Problem description: What is needed is a faithful transcription of all the data below, pictures excluded.

Exercise data:
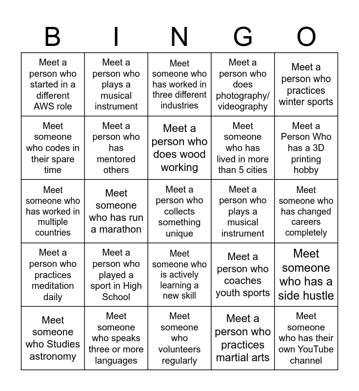 This bingo card has a free space and 24 words: Meet a person who played a sport in High School, Meet someone who speaks three or more languages, Meet a person who does wood working, Meet someone who Studies astronomy, Meet a person who practices winter sports, Meet a person who started in a different AWS role, Meet someone who codes in their spare time, Meet a person who plays a musical instrument, Meet a person who plays a musical instrument, Meet someone who is actively learning a new skill, Meet someone who has lived in more than 5 cities, Meet someone who has worked in multiple countries, Meet a person who coaches youth sports, Meet someone who has a side hustle, Meet a person who has mentored others, Meet a person who practices martial arts, Meet someone who has changed careers completely, Meet someone who has worked in three different industries, Meet a Person Who has a 3D printing hobby, Meet someone who has run a marathon, Meet someone who has their own YouTube channel, Meet a person who practices meditation daily, Meet a person who does photography/ videography and Meet someone who volunteers regularly.
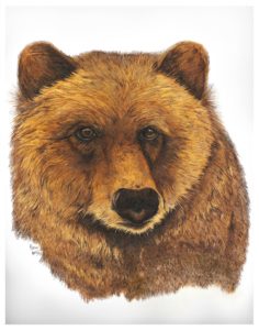 When the image was almost finished my second oldest son, Colby, who was watching me draw made the comment, “I can see a face in your bear.” I kind of laughed thinking he was teasing me because after all it was a face, but he said, “No, Mom, I can see a human face in the bear.”
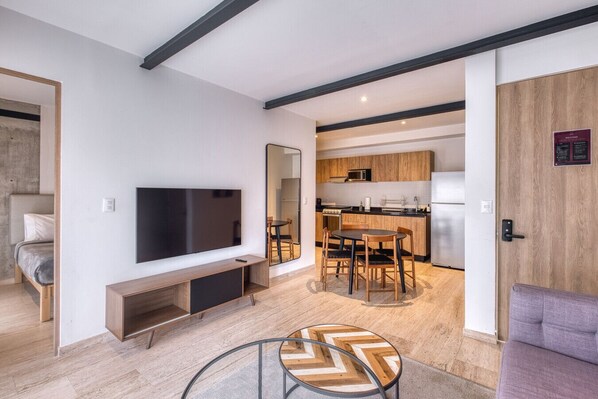 The apartment has a king-size bed, a full bathroom with double access, a living room, a dining room and a fully equipped kitchen. Roof top with a view to Reforma Avenue
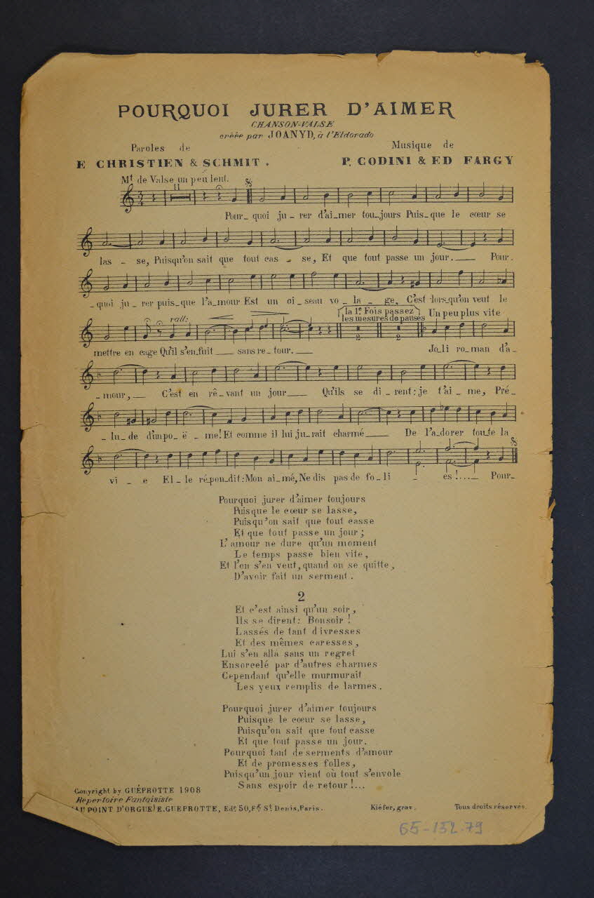 chanson, petit format, partition de musique, Pourquoi jurer d'aimer
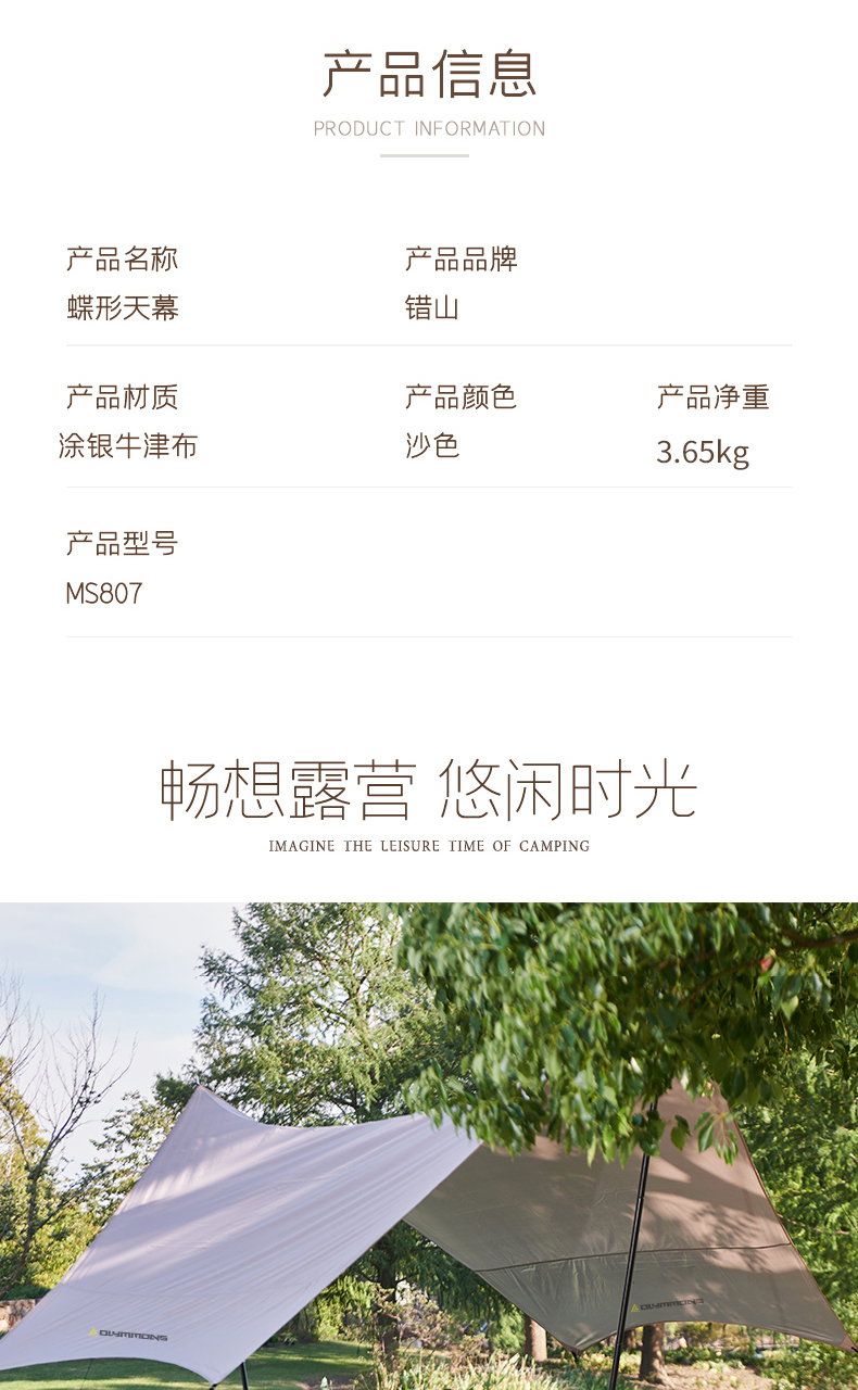 商品名称:错山 MS808 430*418*240CM 蝶形天幕 流金沙(单位:顶)
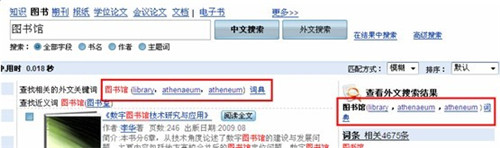 在搜索框直接输入关键词,关键词可定位到全部字段,书名,作者或主题词中,然后点击"中文搜索",将为您在海量的图书数据资源中进行查找。如果您希望获得外文资源,可点击"外文搜索"。
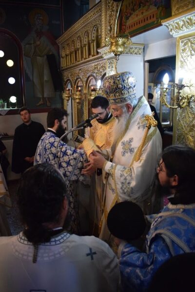 Κατά τη διάρκεια της Θείας Λειτουργίας ο Μητροπολίτης τέλεσε την εις διάκονον χειροτονία ενός νέου που κατάγεται από τη Γεμιστή, του κ. Γεωργίου Μπαρμπούδη.
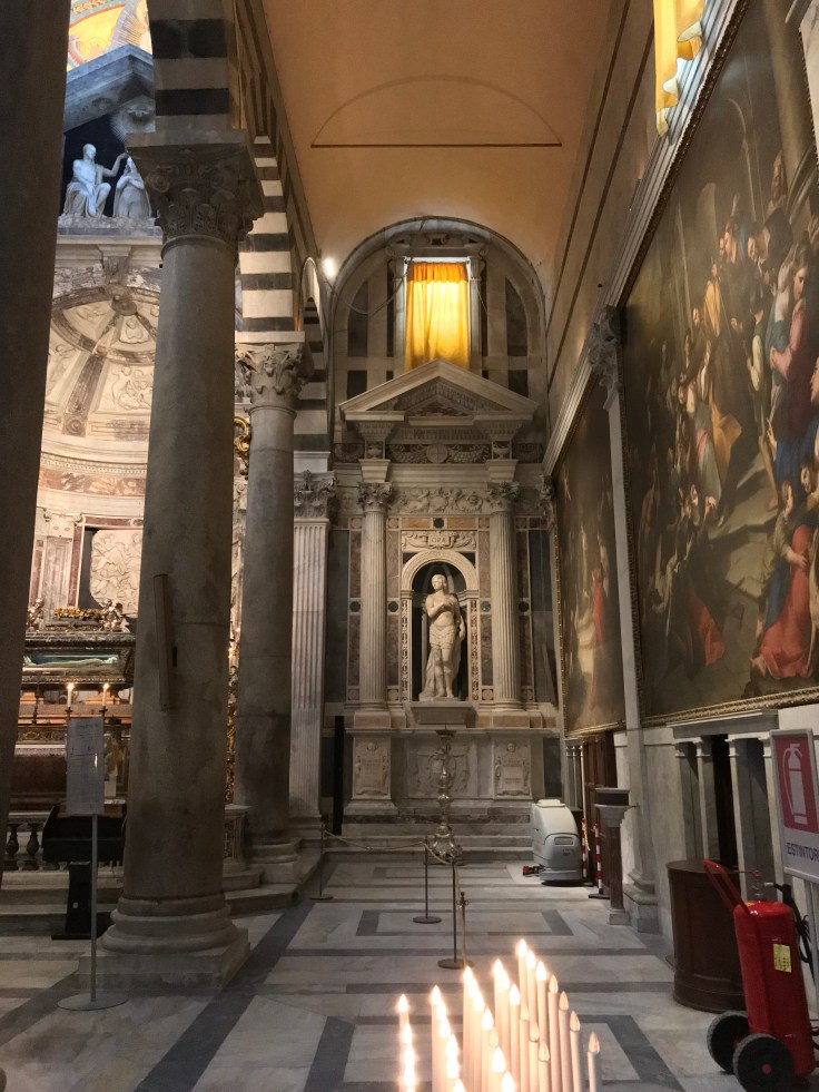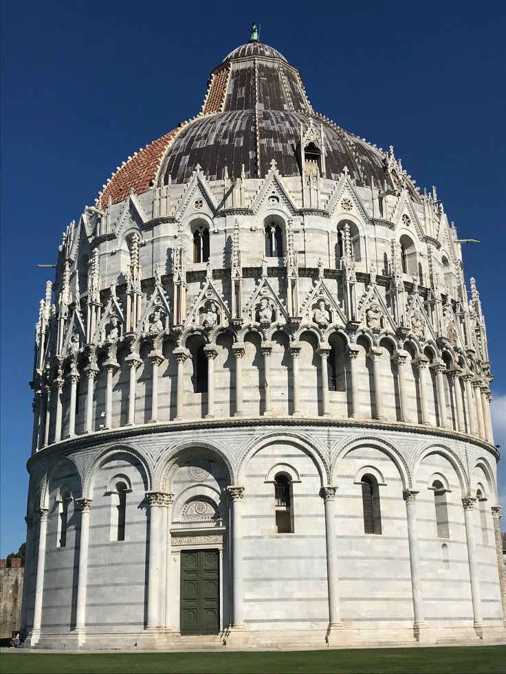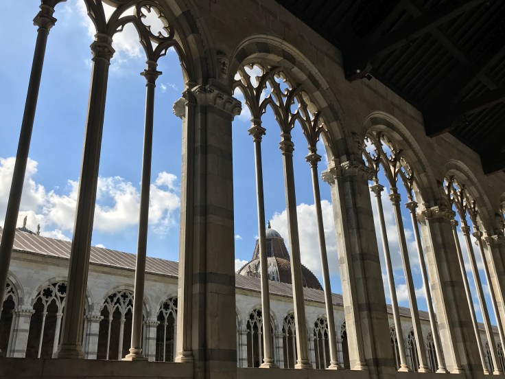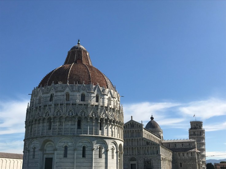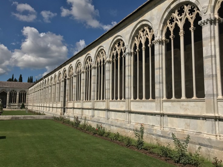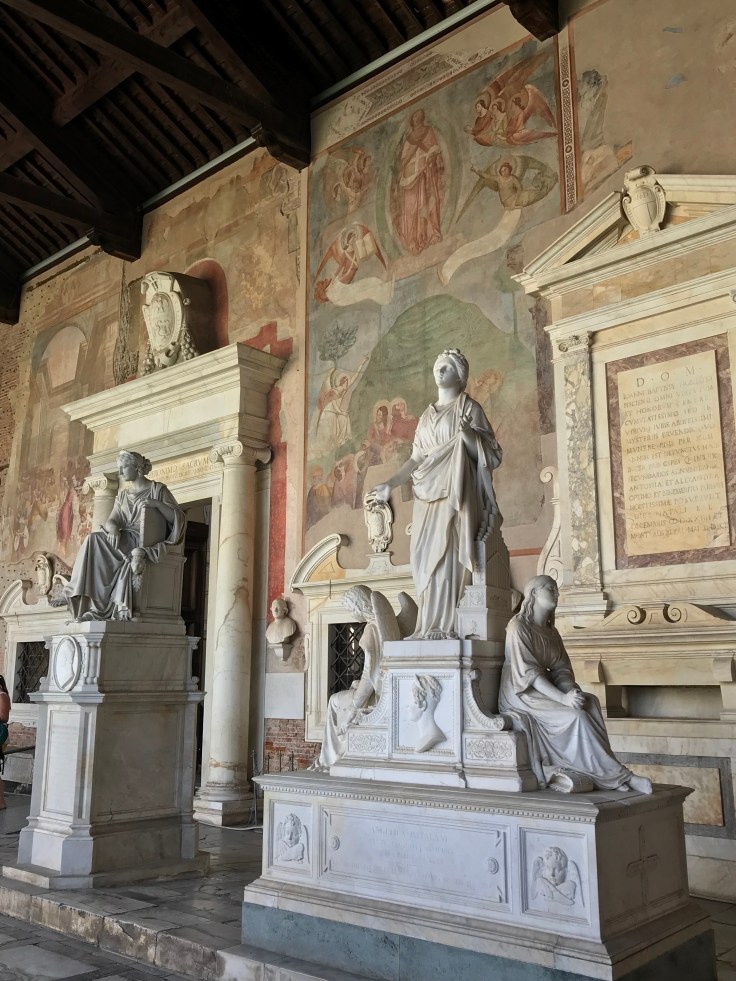 With a 2.30pm train to Florence, I was up and at it the next day to take in all the sites of Pisa in the few short hours I had. Just wish the weather forecast was more accurate, had packed for a week of low 20’s and rain but Pisa had turned on the sunshine!! Not complaining, the beautiful blue skies showed off the stunning sites, thanks Pisa! In the daylight, the Square of Miracles was even more beautiful if that’s possible, getting inside all the buildings was a bonus, my favourite being the Camposanto, yep that’s a Graveyard, the arches and tombs were a contrast of beauty and being totally morbid, but we all know that’s how I roll…
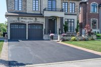 A beautiful suburban home with a stone wall and a well-maintained driveway in Toronto, Canada.

Expected answer:
 This bingo card has a free space and 24 words: Meet a person who played a sport in High School, Meet someone who speaks three or more languages, Meet a person who does wood working, Meet someone who Studies astronomy, Meet a person who practices winter sports, Meet a person who started in a different AWS role, Meet someone who codes in their spare time, Meet a person who plays a musical instrument, Meet a person who plays a musical instrument, Meet someone who is actively learning a new skill, Meet someone who has lived in more than 5 cities, Meet someone who has worked in multiple countries, Meet a person who coaches youth sports, Meet someone who has a side hustle, Meet a person who has mentored others, Meet a person who practices martial arts, Meet someone who has changed careers completely, Meet someone who has worked in three different industries, Meet a Person Who has a 3D printing hobby, Meet someone who has run a marathon, Meet someone who has their own YouTube channel, Meet a person who practices meditation daily, Meet a person who does photography/ videography and Meet someone who volunteers regularly.
 When the image was almost finished my second oldest son, Colby, who was watching me draw made the comment, “I can see a face in your bear.” I kind of laughed thinking he was teasing me because after all it was a face, but he said, “No, Mom, I can see a human face in the bear.”
 The apartment has a king-size bed, a full bathroom with double access, a living room, a dining room and a fully equipped kitchen. Roof top with a view to Reforma Avenue
 chanson, petit format, partition de musique, Pourquoi jurer d'aimer
 商品名称:错山 MS808 430*418*240CM 蝶形天幕 流金沙(单位:顶)
 在搜索框直接输入关键词,关键词可定位到全部字段,书名,作者或主题词中,然后点击"中文搜索",将为您在海量的图书数据资源中进行查找。如果您希望获得外文资源,可点击"外文搜索"。
 Κατά τη διάρκεια της Θείας Λειτουργίας ο Μητροπολίτης τέλεσε την εις διάκονον χειροτονία ενός νέου που κατάγεται από τη Γεμιστή, του κ. Γεωργίου Μπαρμπούδη.
 With a 2.30pm train to Florence, I was up and at it the next day to take in all the sites of Pisa in the few short hours I had. Just wish the weather forecast was more accurate, had packed for a week of low 20’s and rain but Pisa had turned on the sunshine!! Not complaining, the beautiful blue skies showed off the stunning sites, thanks Pisa! In the daylight, the Square of Miracles was even more beautiful if that’s possible, getting inside all the buildings was a bonus, my favourite being the Camposanto, yep that’s a Graveyard, the arches and tombs were a contrast of beauty and being totally morbid, but we all know that’s how I roll…
 A beautiful suburban home with a stone wall and a well-maintained driveway in Toronto, Canada.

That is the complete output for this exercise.